At 0-0, the Everton fans at Huddersfield last week chanted in protest of their own team, specifically the man in the dugout. At 1-0, with their team winning, they still chanted. Even at 2-0, the chants were still heard. Sam Allardyce has become a target at Goodison Park in recent weeks, with such disgruntlement down to more than just results.
It has to be down to more than just results because Allardyce has done what he was appointed to do. When the former Crystal Palace, Sunderland and West Ham boss arrived at Everton, they were staring a relegation scrap in the face, with the Toffees slumped down run 18th place in the Premier League table.
Since then, Allardyce has lifted Everton away from danger and into the top half once again. In fact, from the point of Allardyce’s appointment the Toffees have been the seventh best team in the Premier League. Their form has been good and despite clamour from the stands for Allardyce to be dismissed before the start of next season it looks like no change will be made any time soon.
“We discussed plans for next season yesterday with [club owner] Farhad [Moshiri)]. We have some clarity moving forward now.” said the former England manager last week, almost rubbing it in as he faced questions of his job security. “You always want to strive to do better, but because we started my reign so well, we built up great expectation it might be even better. We’ve achieved a good way forward in the space of five months. It’s been pretty satisfying. One always wants your team to do better, to win more, to achieve more but overall pretty satisfying.” Everton fans are far from satisfied, though. For them, it’s not just down to results. It’s about performances, the way their team are playing and a perceived lack of ambition from those in charge, including Allardyce, at Goodison Park.
This is a club that this time last year was talking about mounting a top four challenge. Last summer, Everton spent £180 million on players. Some suggested that they could break through that glass ceiling that exists in the Premier League, but that target soon proved to be folly as Ronald Koeman was sacked after just nine games of the new season.
And yet all this ambition has ebbed away over the course of the season. The appointment of Allardyce was justified at the time, with Everton purely concerned with merely staying in the Premier League and avoiding the drop. But now, with a top half finish all but secure, Allardyce’s expiration date is surely approaching.
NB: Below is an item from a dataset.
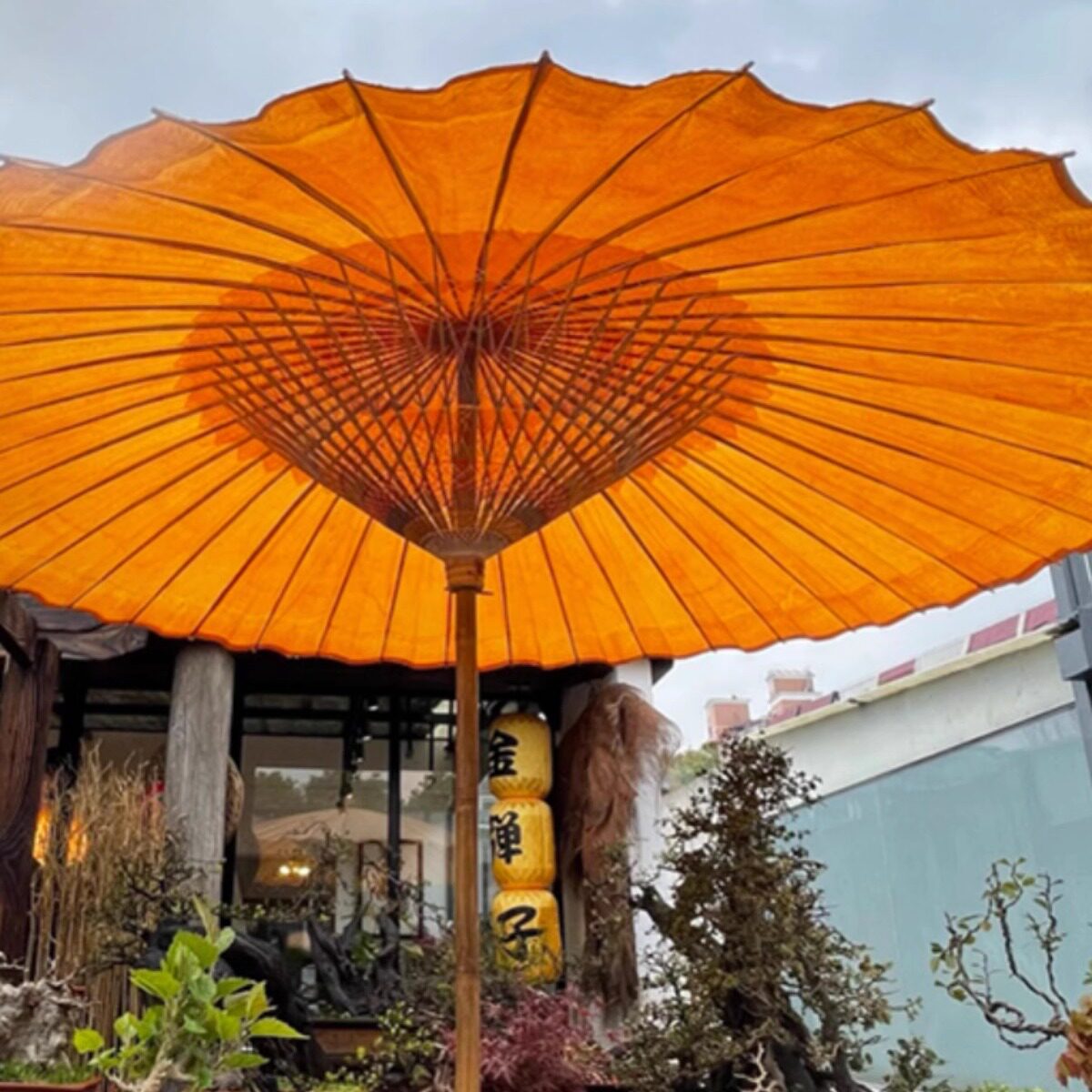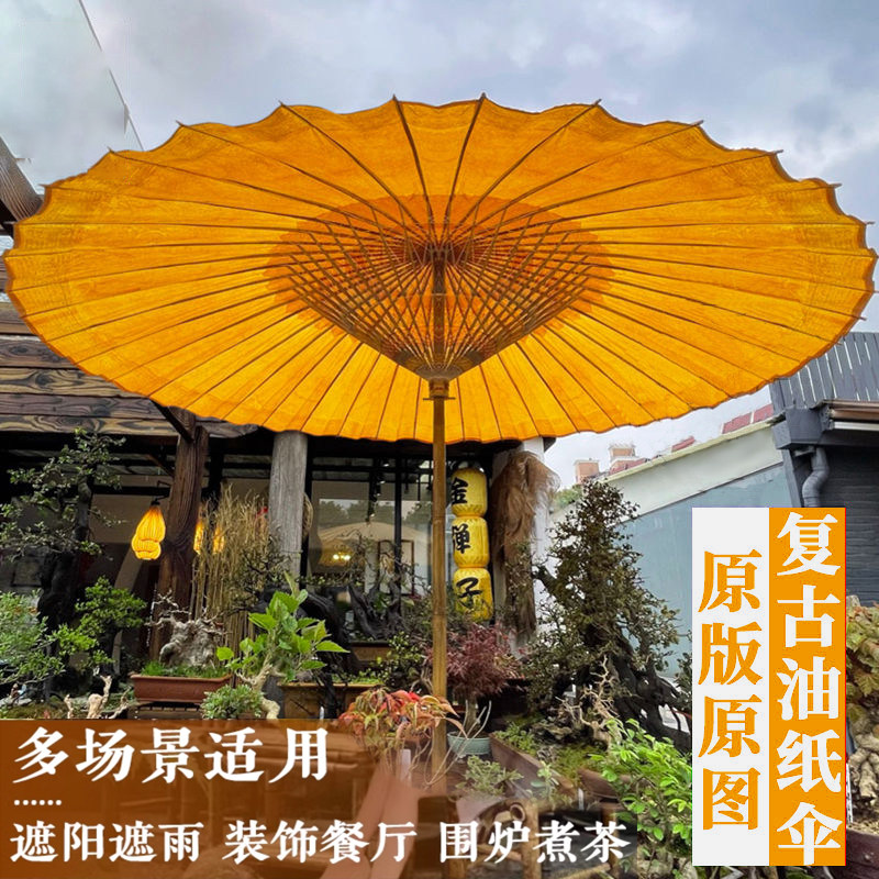 Кипеть чай на открытом воздухе Большая масляная бумага зонтик не -хриппа китайский двор сад солнце зонтик древний ветер.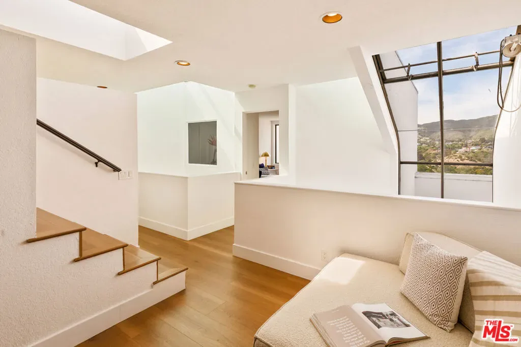 Newly updated ocean-view townhome with coveted Riviera III beach rights to Little Dume, the most private and idyllic sandy beach in all of Malibu! Situated in the outermost row of a gated complex, this rare property offers a gateway to the quintessential coastal lifestyle with sweeping mountain and ocean views. Inside, the home is flooded with natural light by an abundance of large skylights and offers a casual layout with exceptionally large square footage. The living room features high beamed ceilings, oversized windows with mountain views, and an Italian fireplace. The kitchen flows to a dining area and out onto a private sun-drenched patio, with endless views from Zuma to Buzzards Roost and beyond. Upstairs, the primary suite offers soaring ceilings with a private balcony, en-suite bathroom, and updated walk-in closet. The second bedroom features peaceful views and there is an additional full bathroom, entry level powder room, and a large loft that could be used as an office, media room, or converted to a third bedroom. An attached two-car garage offers ample storage and a washer/dryer. Point Dume is one of Malibu’s most iconic locations, and this townhome is ideally situated next to the shops and restaurants at Point Dume Village. Take your golf cart to Little Dume and enjoy the finest beach that Malibu has to offer, with sandy coves and gentle waves sheltered from the afternoon wind making it a private paradise.

It could be that Everton are anticipating the construction of a new £500 million stadium. They could suffer a similar fate to the one Arsenal endured upon their move to the Emirates, albeit on a lesser scale. Owner Farhad Moshiri might just be concerned with ensuring his team remains in the Premier League for as long as their new ground is under construction, with the move to a new ground set to stretch Everton’s financial capacity. And which manger guarantees Premier League safety? Allardyce.
Of course, the frustration currently felt at Goodison Park has been exacerbated by the success being enjoyed by Liverpool on the other side of the city. The Reds will face Real Madrid for the Champions League title later this month, with Jurgen Klopp’s side making their run to the final in style, adopting an attractive, exhilarating style of attacking football. That stings for Everton fans.
For decades, the Toffees have existed in the shadow of their more illustrious, more stylish city rivals and that dynamic seems set to remain this way for the foreseeable future. Everton’s fans want more, much more, but there appears to be a disconnect between the ambition felt by supporters and that felt by the club’s big wigs. Therein lies their problem.